A. Entire repository (recommended for small-medium projects)
B. Specific directory or module: [path]
C. Specific aspect only (e.g., API surface, data model, auth flow)
Depth level:
1. Overview — high-level architecture + tech stack + key features (fast, ~5 min)
2. Standard — includes API contracts, data models, config, dependencies (default)
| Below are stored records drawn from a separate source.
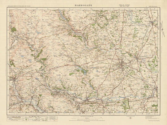 Este extraordinario mapa, titulado "Hoja 26 - Harrogate", forma parte de la célebre edición "Popular" de una pulgada de los mapas de Ordnance Survey para Inglaterra y Gales, publicada en 1925. El mapa muestra la histórica ciudad de Harrogate y sus alrededores, proporcionando una fascinante mirada al pasado. Además de Harrogate, este mapa incluye las ciudades de Otley, Ilkley, Skipton, Knaresborough y la impresionante zona de excepcional belleza natural de Nidderdale.
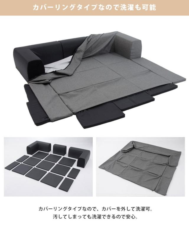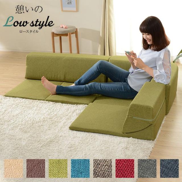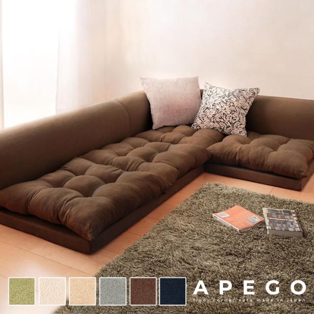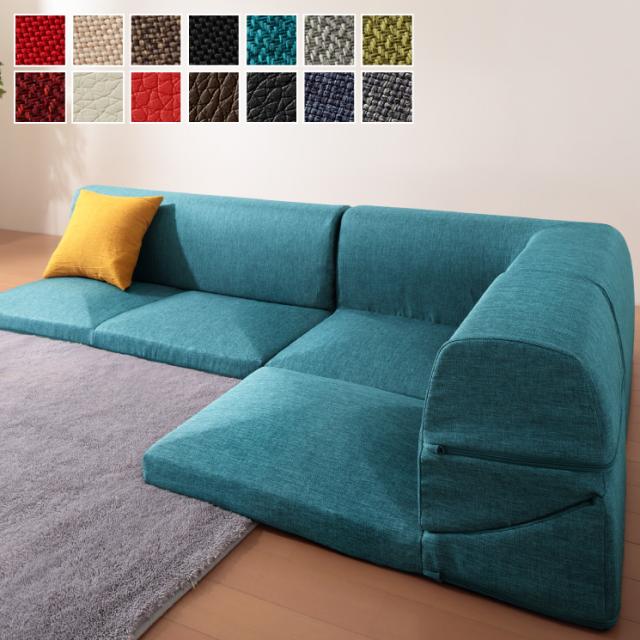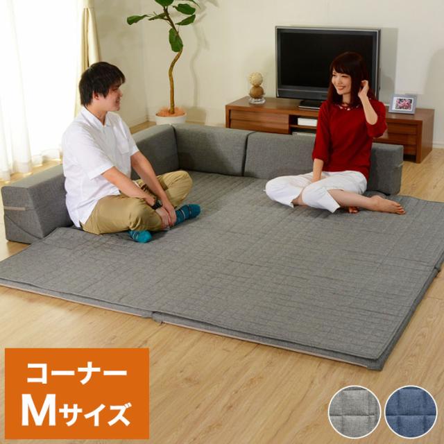 フロアマット付きソファー Mサイズ コーナーソファー 日本製 ロータイプ フロアマット ローソファ コーナー ソファーマットレス ソファーベッド リビング ローソファー カウチ カバーリングソファ(代引不可)【送料無料】
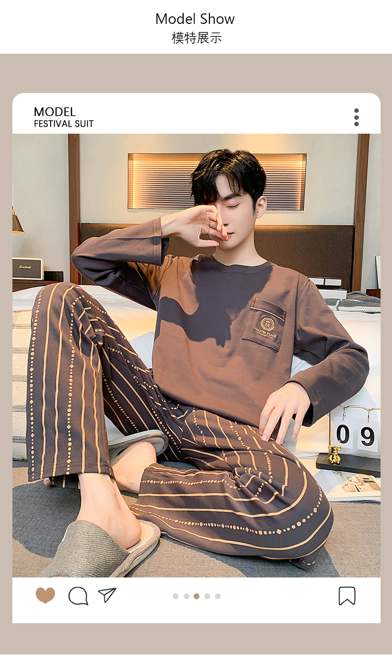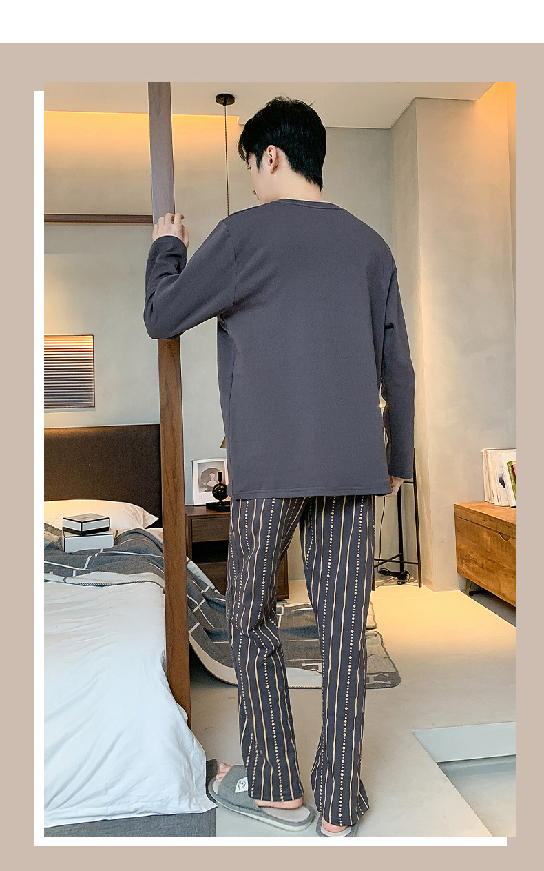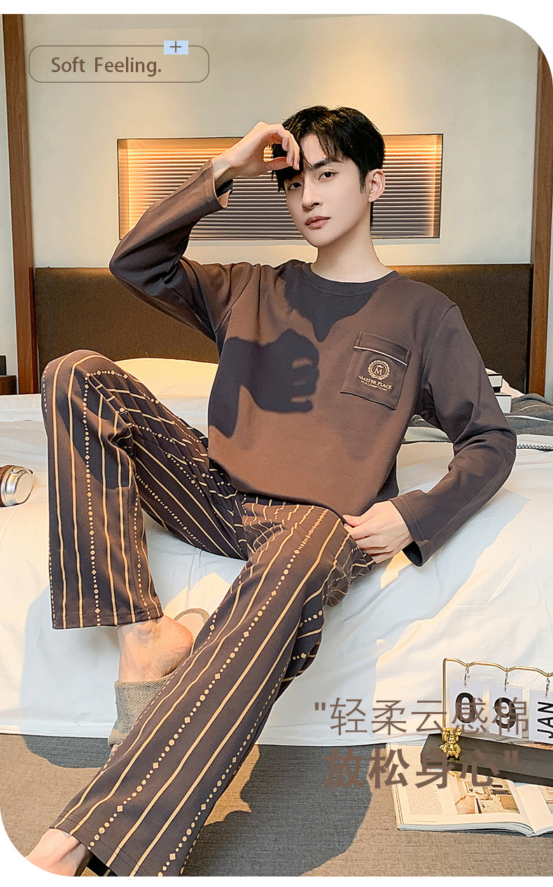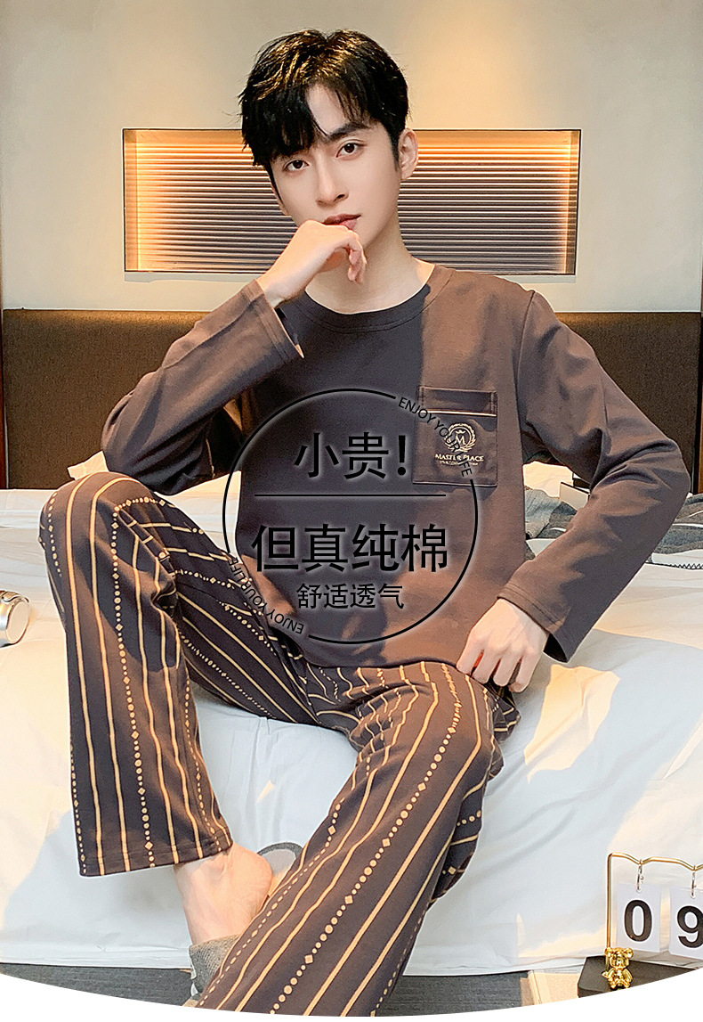 Pijamas de algodón para hombres de primavera y otoño de manga larga delgada Juventud de mediana edad casual de algodón suelto más el tamaño de desgaste para el hogar traje de hombre
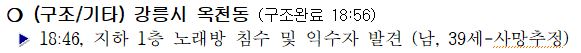 강릉시 지하1층 노래방 침수 및 익사사고 발생
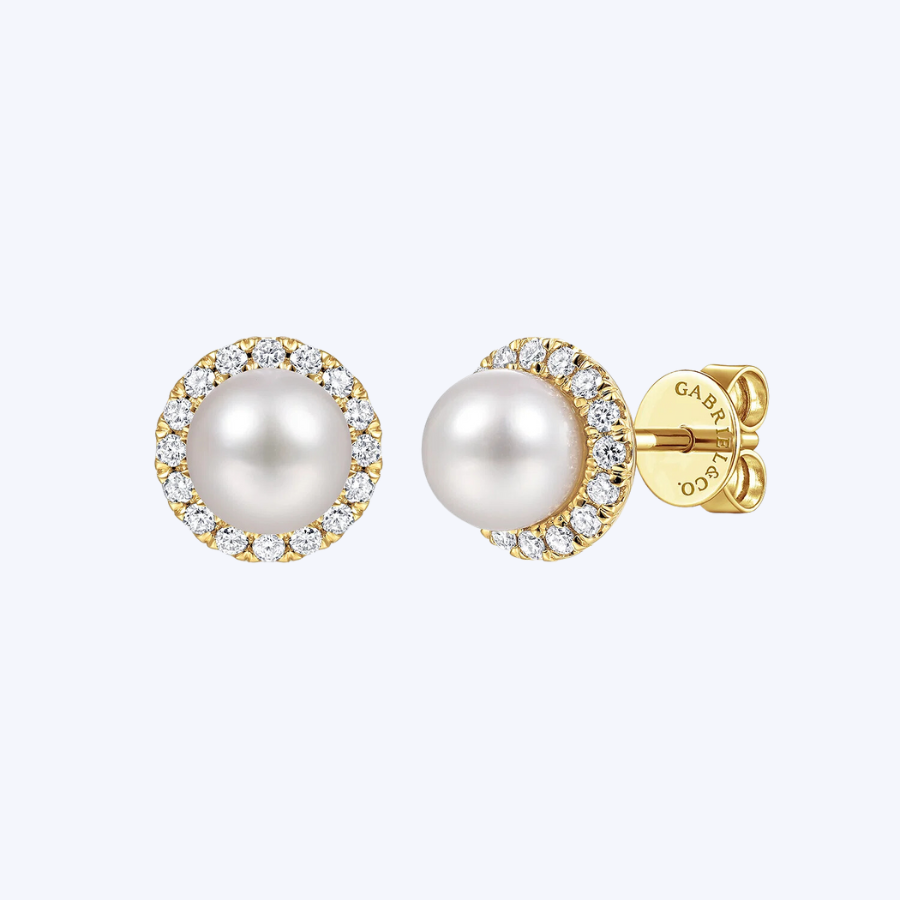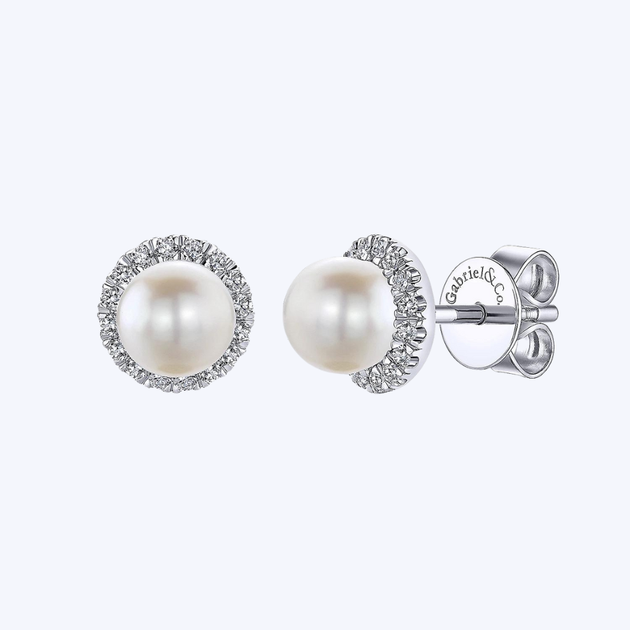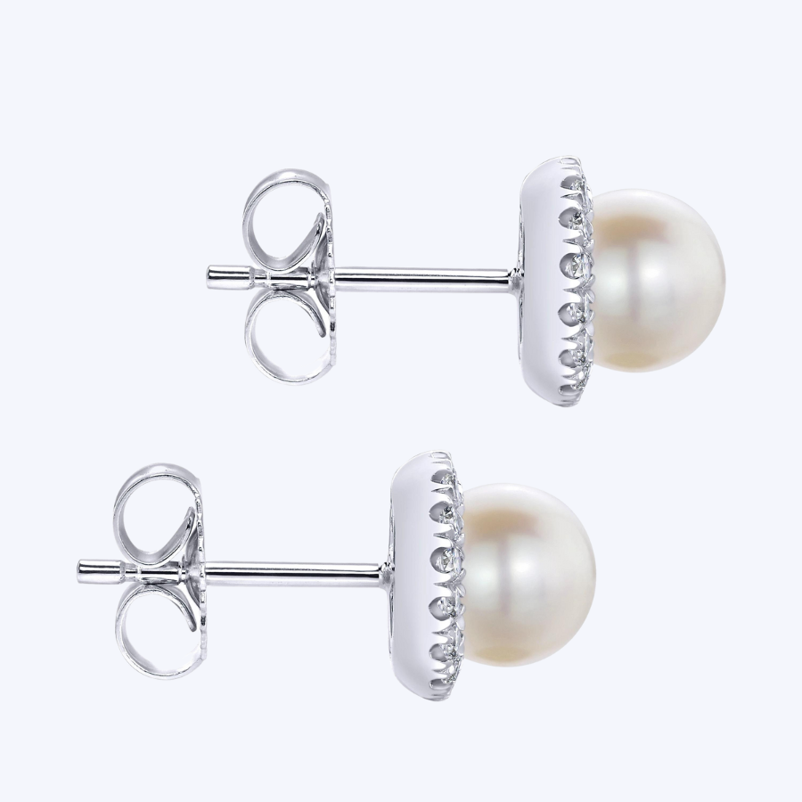 Pearl with Diamond Halo Studs

3. Deep — adds internal module interactions, error handling patterns, test coverage analysis
If the project is large (>500 files), recommend starting with Overview or a specific module.
Step 2: Deep Scan
Systematically analyze the following (adapt to what exists):
2.1 Project Identity
package.json, go.mod, Cargo.toml, pyproject.toml, pom.xml, etc.
- README, LICENSE
- Git history (first commit date, recent activity, contributor count)
2.2 Architecture
- Directory structure and organization pattern (monorepo, layered, hexagonal, etc.)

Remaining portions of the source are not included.